Eu era chefe de reportagem da revista Manchete, no início dos anos 60. Numa certa manhã, fui chamado à sala do chefão Adolpho Bloch, na rua Frei Caneca nº 511. Perguntou se eu conhecia a escritora Clarice Lispector. Não, não conhecia. Então, ele disse que ela era sua conterrânea, nascida na Ucrânia. E que gostaria muito de ser colaboradora da revista. Com o seu jeitão autoritário, determinou que eu cuidasse dela, inclusive na delicada gestão do pagamento.

Foi assim que começamos uma boa amizade. Só que Clarice estava muito necessitada de dinheiro. Entregava as crônicas e queria receber em seguida.
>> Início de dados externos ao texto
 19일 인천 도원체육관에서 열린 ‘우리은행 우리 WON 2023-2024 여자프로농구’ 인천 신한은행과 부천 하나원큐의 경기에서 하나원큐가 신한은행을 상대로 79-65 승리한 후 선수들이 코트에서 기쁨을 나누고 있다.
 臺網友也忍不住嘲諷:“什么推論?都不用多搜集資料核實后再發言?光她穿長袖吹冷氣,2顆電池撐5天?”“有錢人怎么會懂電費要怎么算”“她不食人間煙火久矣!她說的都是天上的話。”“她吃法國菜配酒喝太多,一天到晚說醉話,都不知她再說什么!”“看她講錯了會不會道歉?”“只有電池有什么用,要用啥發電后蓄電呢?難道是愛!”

A tesouraria de Bloch Editores não era tão rápida assim. Clarice seguidamente me telefonava: “Arrrrnaldo, prrreciso do dinheirrrrro.” Tinha a língua presa e uma impaciência brutal. Arranjei um jeito de colocá-la em primeiro lugar, o que não me livrou dos incômodos da cobrança permanente.

Clarice Lispector (1920-1977) era uma extraordinária escritora. Foi descoberta para a crônica pelo nosso redator R. Magalhães Jr., que, quando leu seus primeiros trabalhos, reagiu de forma assustadora: “De quem você copiou isso?” Os textos eram mesmo dela, não tinha copiado nada. Aliás, toda a família, a partir da mãe tinha o dom da escrita, que se estendia às irmãs Elisa e Tânia Kaufman. Clarice, um dia, explicou: “Criança ainda, quando comecei a ler, escrevia também. Isso veio desde cedo.”
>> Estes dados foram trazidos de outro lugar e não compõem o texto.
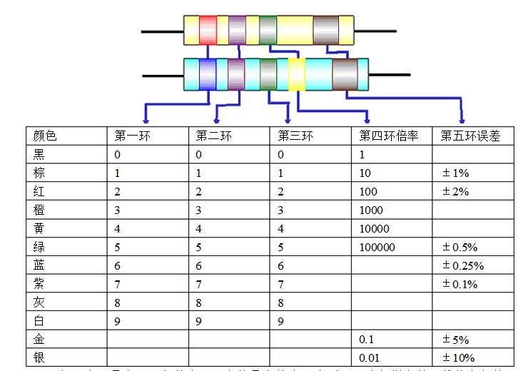 有些直接標注的電阻,是很容易識別的。可是在裝配電子產(chǎn)品的時候,必須考慮到為以后檢修的方便,把標注面朝向易于看到的地方。在手工裝配時,多這一道工序,不是什么大問題,但是自動生產(chǎn)線上的機器沒有那么聰明。而且,電阻器元件越做越小,直接標注的標記難以看清。因此,國際上慣用“色環(huán)標注法”。事實上,“色環(huán)電阻”占據(jù)著電阻器元件的主流地位?!吧h(huán)電阻”顧名思義,就是在電阻器上用不同顏色的環(huán)來表示電阻的規(guī)格。有的是用4個色環(huán)表示,有的用5個。區(qū)別是:4環(huán)電阻,一般是碳膜電阻,用3個色環(huán)來表示阻值,用 1個色環(huán)表示誤差。5環(huán)電阻一般是金屬膜電阻,為更好地表示精度,用4個色環(huán)表示阻值,另一個色環(huán)也是表示誤差。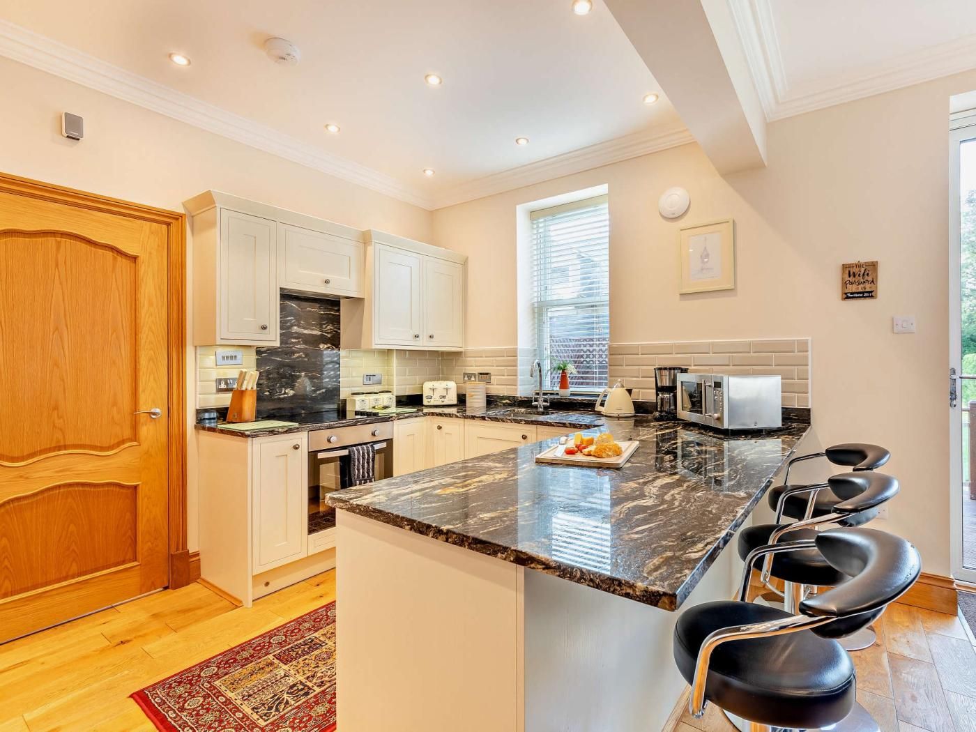 Just a few stone steps will lead you into the charming stone-built cottage where you will be greeted with contemporary, clean decor and a convenient cloakroom bathroom with WC.

Ela se definiu como uma escritora caótica, intensa e fora da realidade. Tinha timidez e ousadia ao mesmo tempo. Quis sempre preservar a sua liberdade, como autora. Sua preferência era escrever para as crianças, a começar pelos filhos. Por que essa escolha?

“É mais fácil para mim comunicar com as crianças. Sou muito maternal. Os adultos são tristes e solitários.” – disse ela.

Agora, estamos comemorando o centenário de nascimento de Clarice Lispector. No seu livro “Todos os contos” (Editora Rocco) esse pensamento de Edmund White: “Culta, glamurosa, emotiva, ela é uma escritora emblemática do século XX, que pertence ao mesmo pantaleão de Kafka e Joyce.” Pode haver maior elogio?